Various scholars have calculated mean shot lengths by counting the number of shots in a film, and then dividing the running time by this figure. This is useless because you only get the mean shot length (which is not a helpful statistic when shot length data is typically skewed), and you do not get any measure of the dispersion around the mean. It is also a lot of effort for very little reward, as there is very little you can do with this one figure. Having the length of each shot is always preferable, and reports of statistics of film style done using the count and divide method should be viewed with suspicion.
But never fear – the Cinemetrics database has the length of each shot within it. You just need to get at that data. I have described this procedure in an earlier post (here), but it will be useful to repeat it.

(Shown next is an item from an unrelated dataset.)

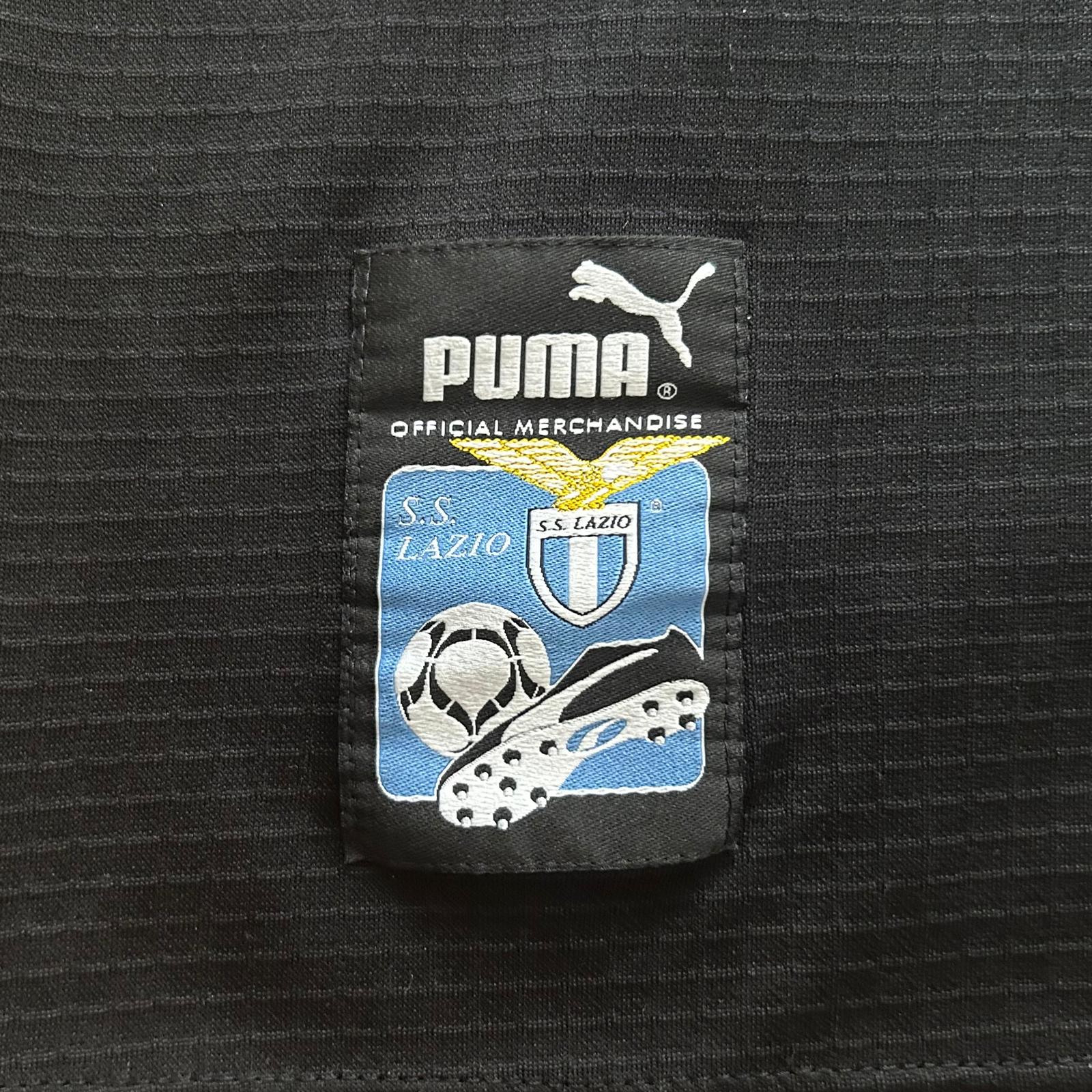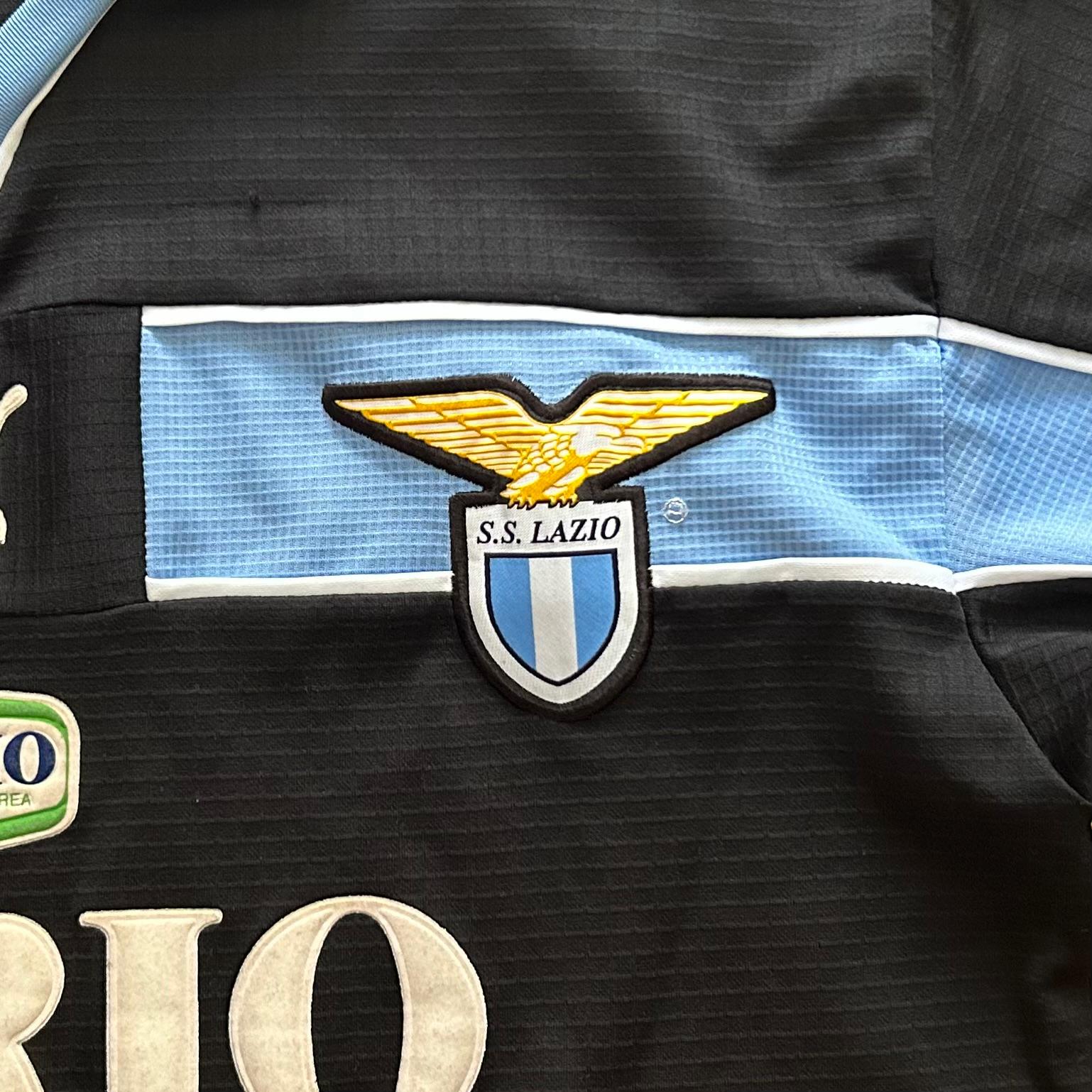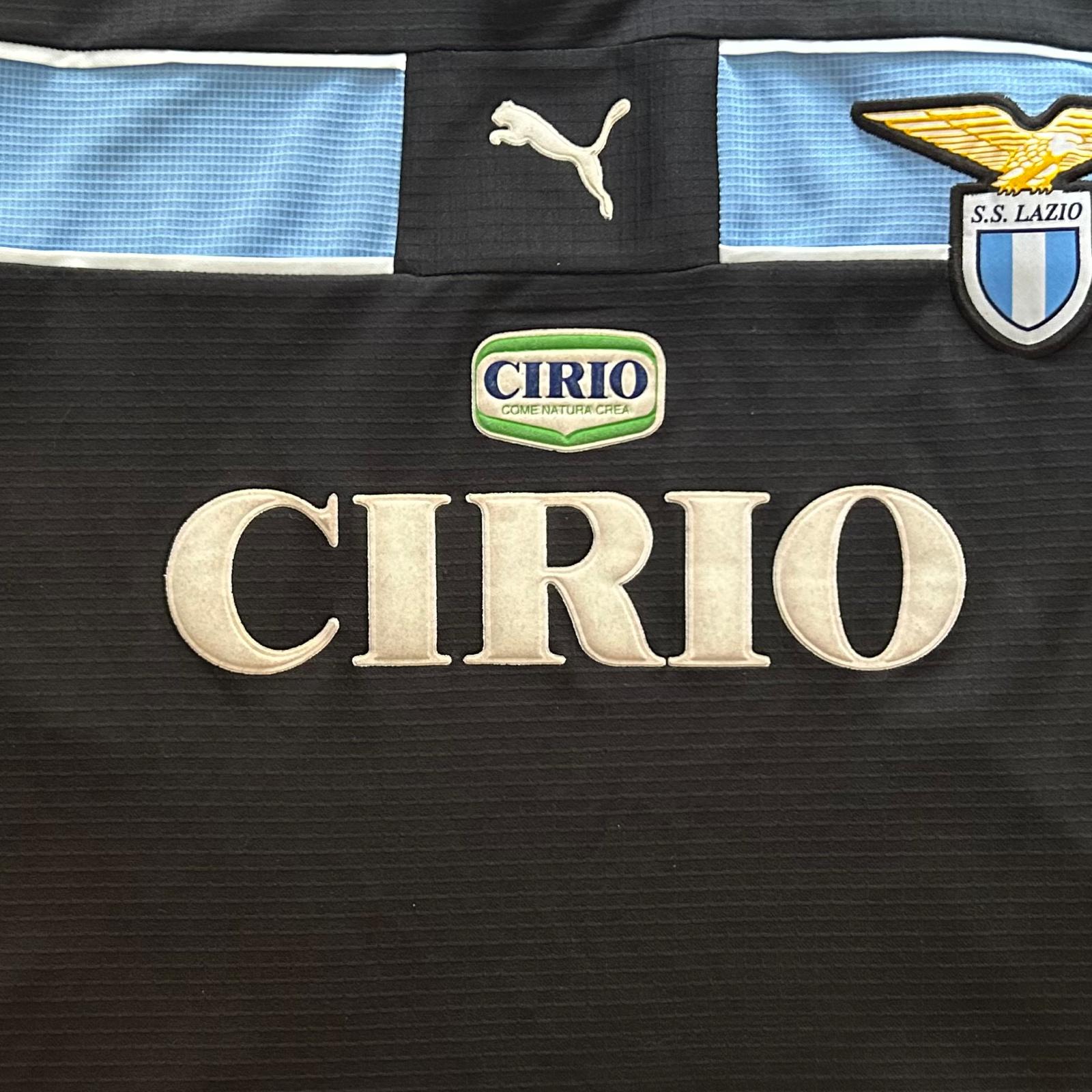 Camiseta de visitante de la Lazio utilizada entre 1998 y 2000, fabricada por Puma y patrocinada por Cirio. Esta equipación fue testigo del ascenso del equipo romano como uno de los mejores clubes de Europa, con un diseño en negro y azul celeste distintivo: 2º en la Serie A 98 -99, ganador de la Recopa de Europa 1999, Supercopa de Europa 99 y doblete con Scudetto y Coppa de Italia en la 99-00.

First, you need get some data, and for the purposes of this demonstration we will use Charlie Chaplin’s His New Job (1915). (The data for this film at the Cinemetrics database is here). Next you need to disconnect the data in the web page from the software that draws the graph, and you can do this by working offline: in your browser, go to the File menu and click ‘Work offline’ (you may need to disconnect from the internet, and if you are on a network this may present its own problems). Now tell the web page to redraw the graph (e.g. set the height to ‘300 pix’ and click Redraw) – a lot of red text should appear, but will not be able to disappear (see Figure 1). This is all the shot length data for the film.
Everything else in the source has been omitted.